Считала его продолжением Рори, и потому все во мне восставало против этого. Понимала, если сказать Рори, то он решит, что это ребенок Дэвида; и что бы я ему ни говорила, его переубедить было бы невозможно. И еще, сама мысль о том, что придется еще семь месяцев терпеть этот ад, еще более чудовищный, чем прежде, была для меня невыносима. Наверное, я ощущала необходимость изгнать из себя этого беса, удалить его физически. Это была инстинктивная реакция. Едва я осознала, что у меня будет ребенок от Рори, как тут же поняла, что я этого вовсе не желаю! Я ненавидела его, я его боялась; я не могла полюбить порождение этого зла, этого извращенца, этого психопата! Я жаждала гибели его семени. Потому я доверилась Дениз. — На лице у Клэр появилась еле заметная кривая усмешка. — И она повела себя молодцом! Связалась не со мной, с Рори, сказала ему, будто я попросила познакомить меня с «портняшкой», которая ей шьет, превосходно воспроизводя лучшие образцы моделей от кутюр.
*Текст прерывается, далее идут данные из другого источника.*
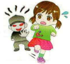
声かけ事案時間帯別発生状況

これからの季節は、例年子どもへの声かけ事案が増加しますので、十分注意しましょう。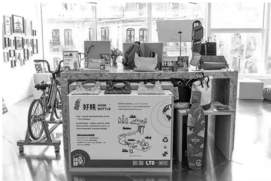
这里展示的产品都是利用废弃材料进行再制,让它们获得新的生命,减少更多垃圾产生。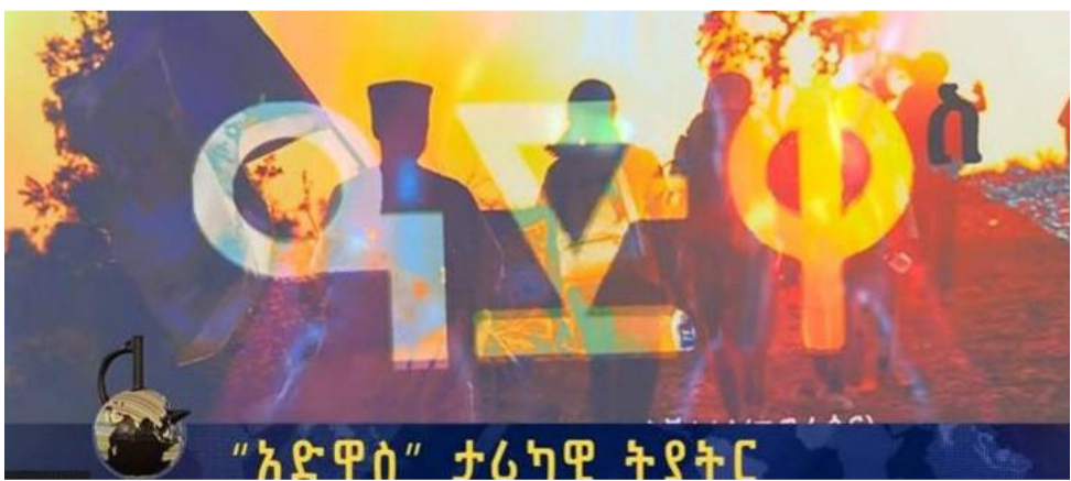
«ኣድዋስ» ተራካዊ ትያትር

ዓድዋ ብዝምልከት ኣብዚ መዚቃዊ ተውኔት ምስታፊይ ዕድለኛ 'ዮ' ዝበለ ሓጋዚ ፕሮጀክት ተሰፋዩ፣ ከም ሓደ በዓል ሞያ ኪነ ጥበብ ኣብ ከምዚ ዝበሉ ስራሕቲ ምስታፊ ይግባእ።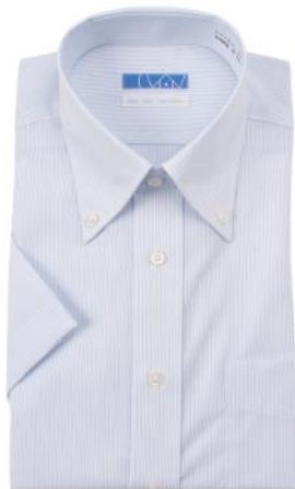
ボタンダウン ブルー 平織りストライプ EHTO01-08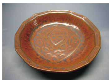
559 62-210116 在庫118 うるし赤マツ竹彩6.5深皿 ¥440 19.9×4.1cm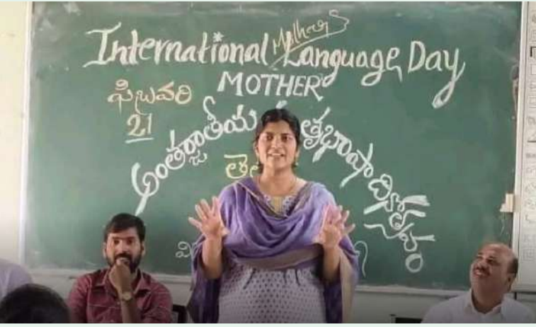
అక్షరవిజేత, దేవరకొండ ప్రతినిధి

దేవరకొండ ఎంకేఆర్ ప్రభుత్వ డిగ్రీ కళాశాలలో తెలుగు, ఆంగ్ల విభాగాల ఆధ్వర్యంలో అంతర్జాతీయ మాతృభాషా దినోత్సవ కార్యక్రమాన్ని ఘనంగా నిర్వహించారు.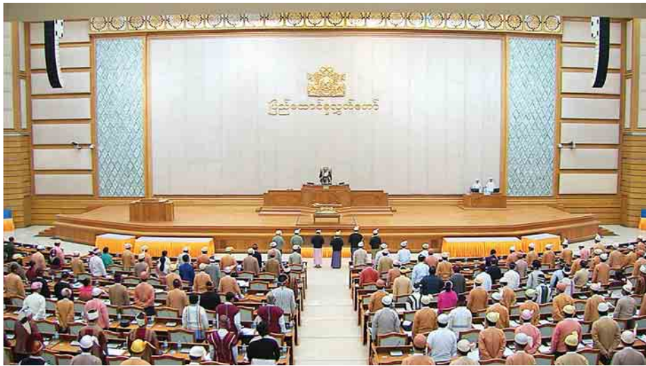
ပြည်ထောင်စုလွှတ်တော်နာယက မန်းဝင်းခိုင်သန်း၏ ရှေ့မှောက်၌ ပြည်ထောင်စုတရားလွှတ်တော်ချုပ် တရားသူကြီးများနှင့် ပြည်ထောင်စုရွေးကောက်ပွဲကော်မရှင် အဖွဲ့ဝင်များ ကတိသစ္စာပြုကြစဉ်။ (သတင်းစဉ်)

ထို့နောက် ပြည်ထောင်စုအစိုးရအဖွဲ့မှ ပေးပို့သော ၂၀၁၇ ခုနှစ် ကာလလတ် ကြွေးမြီစီမံခန့်ခွဲမှု မဟာဗျူဟာ ထုတ်ပြန်ရေးကိစ္စနှင့် စပ်လျဉ်း၍ စီမံကိန်းနှင့် ဘဏ္ဍာရေးဝန်ကြီးဌာန ဒုတိယဝန်ကြီးဦးမောင်မောင်ဝင်းက ပြည်တွင်း၊ ပြည်ပ ကြွေးမြီများနှင့်ပတ်သက်၍ ၂၀၁၆ ခုနှစ် မဟာဗျူဟာတွင် “ကျပ်ငွေနှင့် အမေရိကန်ဒေါ်လာ ၂ မျိုးလုံးဖြင့်ဖော်ပြခဲ့ပြီး” ယခုနှစ်တွင် ပြည်တွင်းကြွေးမြီများကို ကျပ်ငွေဖြင့်လည်းကောင်း၊ ပြည်ပကြွေးမြီများကို အမေရိကန်ဒေါ်လာဖြင့်လည်းကောင်း ဖော်ပြထားကြောင်း၊ အစိုးရမှ ငွေထုတ်ချေးခြင်း၊ ထပ်ဆင့်ငွေထုတ်ချေးခြင်းနှင့် ပတ်သက်၍ ၂၀၁၆ ခုနှစ် မဟာဗျူဟာတွင် “ထပ်ဆင့်ထုတ်ချေးသည့် ပြည်ပငွေချေးနှစ်ခုရှိသည်” ဟူ၍ ဖော်ပြခဲ့ပြီး ယခုနှစ်တွင် အကောင်အထည်ဖော်မည့်ဌာန၊ အဖွဲ့အစည်းအမည်၊ စီမံကိန်းအမည်နှင့် ချေးငွေပမာဏတို့အား ဖြည့်စွက်၍ ပိုမိုပြည့်စုံစွာ ဖော်ပြထားကြောင်း။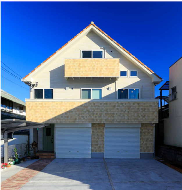
●オレンジの洋瓦と三角屋根が可愛い穴井邸。2階バルコニーはゆるやかな目隠しに。

Своему любовнику Дениз выдавала эти туалеты за оригиналы, а разницу прикарманивала. Посещая сезонные показы моделей, Денизь зарисовывала фасоны и передавала своей портнихе, которая затем изготовляла совершенно потрясающие дубликаты. Эта женщина много лет проработала в салоне Юбера де Живанши и затем ушла оттуда, считая себя не оцененной по заслугам.
Изготовление подделок стало ее местью. — Тут в усмешке Клэр появилась злость. — Ну а аборт — моей! Видите ли, Рори стал поговаривать о ребенке, о сыне, разумеется; ведь он бы был наполовину Баллетер, наполовину Драммонд.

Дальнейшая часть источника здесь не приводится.